Свобода и комплексы галута(4).
Фрейды поселились в Вене, когда Зигмунду было четыре года. Лет в двенадцать он услышал от отца историю о брошенной на землю шапке. Однажды, еще во Фрейбурге, Яков Фрейд, одев в честь субботы новую меховую шапку, вышел на улицу. Повстречавшийся католик сбил ее с головы Якова и грубо потребовал убраться с тротуара. Зигмунд спросил отца:
- А что ты сделал?
- Подобрал шапку и вышел на дорогу.
Разочарование негероическим поведением отца и приобщение к ущемленному национальному самосознанию юный Зигмунд, похоже, компенсировал фантазией. Много лет он представлял себя Ганнибалом, предводителем семитов-карфагенян. Его отец Гамилькар потребовал от сына клятвы мести Риму перед алтарем. В этой фантазии и упрек отцу, и бунт против «Рима» – истока европейского империализма, и попытка преодолеть ущербность национальной идентичности, отождествлением себя с несуществующим уже народом.
Ведь не представлял же он себя одним из Маккавеев – сыновей старого Маттатиягу, поднявшего в Иудее во втором веке до новой эры победоносное восстание против правителя Сирии Антиоха Эпифана. Хотя о Маккавеях юный Фрейд, надо полагать, знал не меньше, чем о войне Карфагена с Римом. Отзвук этой детской фантазии чувствуется в происшествии 1901 года.
Фрейд был на рыбалке со своими сыновьями – одиннадцатилетним Мартином, названным в честь Шарко (Jean-Martin Charcot, 1825 - 1893), и десятилетним Оливером, носившим свое имя в память о почитании Фрейдом в юности лорда-протектора Англии Кромвеля (Oliver Cromwell, 1599 – 1658). Возвращаясь, они повстречали компанию, попытавшуюся преградить дорогу «евреям-ворам». Разъяренный Фрейд поднял трость и пошел прямо на них. Выглядел он, видимо, столь решительным, что, нападавшие, умолкнув, расступились и дали им пройти.
* * *
Юридическое равенство евреев с другими народами, конечно же, не уничтожило копившиеся веками предрассудки, не избавило от оскорблений, неприязни и фактического ограничения прав.
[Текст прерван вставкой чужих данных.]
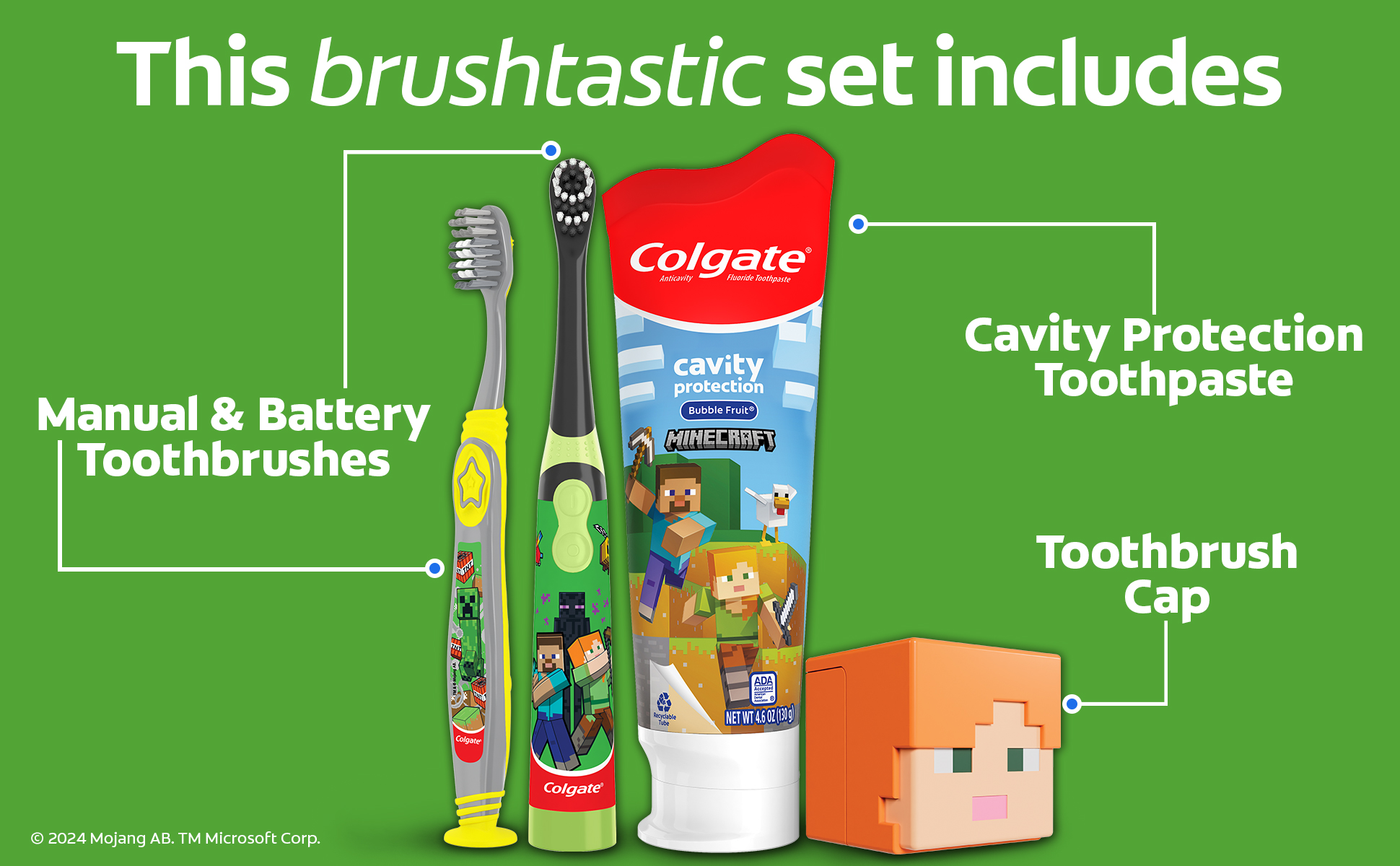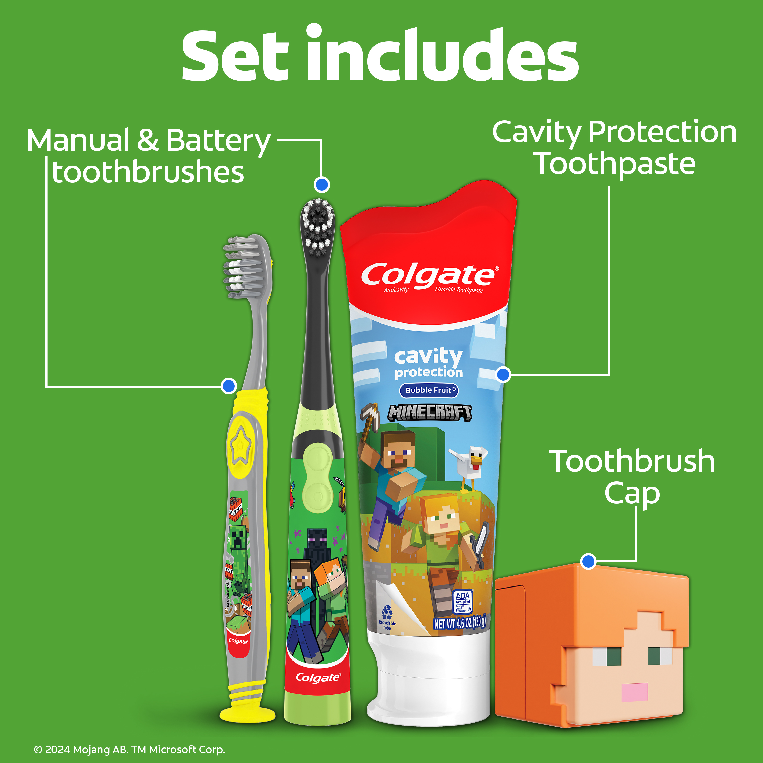 Colgate Kids Toothbrush Set with Toothpaste, Minecraft Gift Set, 1 manual toothbrush, 1 powered toothbrush, 1 toothpaste, and 1 toothbrush cap

Но все же конец девятнадцатого – начало двадцатого веков было временем больших еврейских надежд.
Казалось, что успехи, образование, усвоенная культура христианской Европы наконец-то уравняют вчерашних изгоев с другими народами не только юридически. Расовая «теория» тогда еще не стала частью немецкого национального сознания. Хотя именно в те годы были заложены ее основы. Вильгельм Марр (Wilhelm Marr, 1819-1904) уже изобрел «антисемитизм», превратив миф о крови и почве в политический лозунг, Густав Стюарт Чемберлен (Houston Stewart Chamberlain, 1855-1927) издал двухтомный катехизис юдофобов – «Основы XIX века», а озлобленный неудачник Эуген Дюринг (Evgeniy Dyurinh, 1855-1927) излил на сотнях страниц свою ярость против евреев.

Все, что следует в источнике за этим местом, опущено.